Arrestato in Sicilia il figlio di Tano Badalamenti

Arrestato in Sicilia il figlio di Tano Badalamenti

Leonardo Badalamenti, figlio dello storico boss di Cosa nostra Tano Badalementi, è stato arrestato dalla Dia a casa della madre a Castellamare del Golfo, in provincia di Trapani. Adesso gli agenti della Direzione investigativa antimafia di Palermo lo hanno arrestato in esecuzione di un mandato di cattura internazionale emesso dal Brasile. Leonardo Badalamenti è accusato di associazione criminale finalizzata al traffico di stupefacenti e falsità ideologica. Prelevato a Castellammare Badalamenti è stato accompagnato nel carcere dei Pagliarelli, in attesa dell'estradizione in Brasile, dal momento che in Italia non ha pendenze con la giustizia.

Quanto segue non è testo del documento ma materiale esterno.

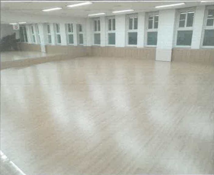
3층 강당 강화마루 틈새 간격 교정작업
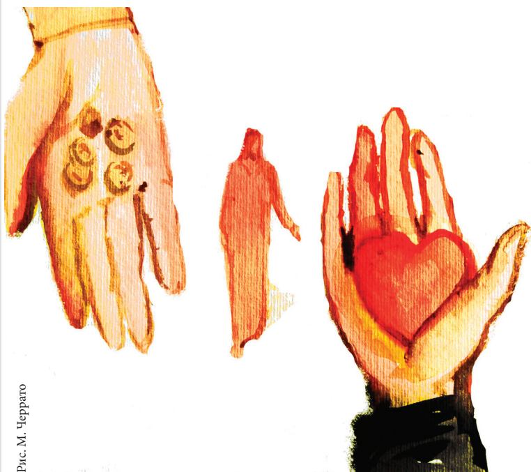
Рис. М. Черрато

Газета издается ежемесячно при поддержке «Renovabis» и добровольных пожертвований верующих. Распространяется бесплатно. Средний расход на один номер – 100 тенге. Банковский счет: «Казкоммерцбанк» 1101-5U5267-000, KZ 3292611015U5267000

Il figlio dello storico boss di Cinisi ha 60 anni. La sua latitanza, iniziata nel 2017, si interrompe questa mattina. L'intera famiglia Badalamenti si era infatti rifugiata Oltreoceano tra la fine degli anni '70 e l'inizio degli '80, alla vigilia della guerra di mafia poi scatenata dai Corleonesi di Totò Riina e Bernardo Provenzano.

Leonardo Badalamenti era già stato arrestato nel 2009 dai Carabinieri del Ros. Nel Paese sudamericano aveva anche registrato la nascita del suo primo figlio, chiamato Gaetano in memoria del nonno.

Sull'uomo pesavano anche altre indagini su presunti illeciti di carattere finanziario attraverso l'intermediazione di un funzionario corrotto del Banco centrale. Ed è stato accusato di aver tentato una truffa ai danni delle filiali della Hong Kong Shanghai Bank, della Lehman Brothers e dell'Hsbc per un importo di diverse centinaia di milioni di dollari. Ad arrestare il figlio di don Tano sono stati gli uomini della Dia di Palermo coordinati dal reparto 'Investigazioni giudiziarie' in collaborazione con il Servizio per la cooperazione internazionale di Polizia (Scip) e la polizia brasiliana.

Nei primi anni Ottanta Leonardo era fuggito all'estero con il padre Gaetano, originario di Cinisi.